A sergeant and five deputies were pulled from existing units to work as school safety officers serving more than 100 schools in unincorporated county and in cities that contract with the sheriff's office for police services.
Their job is different from sheriff's school resource officers, who are typically assigned to one school or a small handful of schools, sheriff's spokeswoman Shari Ireton said. The school resource officers will share a supervisor with the school services deputies.
Washington schools Superintendent Randy Dorn joined several local police and school leaders at the assembly.
Sheriff John Lovick, school services unit Sgt. Scott Parker and Woodside students and staff talked with reporters afterward.
The school services deputies want to become part of the greater schools community, Parker said. They will serve as enforcement officers but also aspire to become mentors and friends, he said.

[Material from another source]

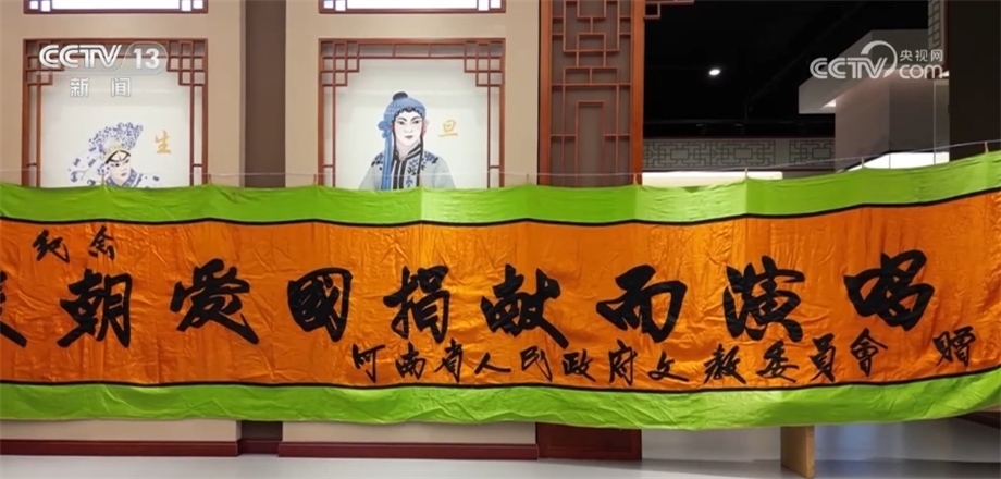 總臺(tái)記者 李恩浩:在河南省戲曲聲音博物館,有這樣一個(gè)十多米的條幅,上面寫著“為抗美援朝愛國捐獻(xiàn)而演唱”,這是香玉劇社義演的第一場(chǎng),河南省人民政府特意為了支持他們的愛國行動(dòng)贈(zèng)送的,當(dāng)時(shí)香玉劇社在全國義演時(shí)它就掛在舞臺(tái)上方。

"It just builds those relationships and builds that trust in our school communities," he said.
Kids at Woodside often are reminded they are surrounded by leaders they can go to if something is wrong, Principal Betty Cobbs said. The school services deputies will become some of those leaders, she said.
Lovick wanted to create the special unit after the Newtown shooting at a Connecticut elementary school in December, he said.
Some of Woodside's students and their parents also talked about the fear they felt after that shooting.
Schools all over have been reviewing their procedures and looking for ways to make campuses safer, Cobbs said.
The school services unit is believed to be the first of its type in Washington, the sheriff said.
The unit has a big job, and Lovick hopes it grows with time, he said.
"You guys are going to work your tails off," he told the deputies.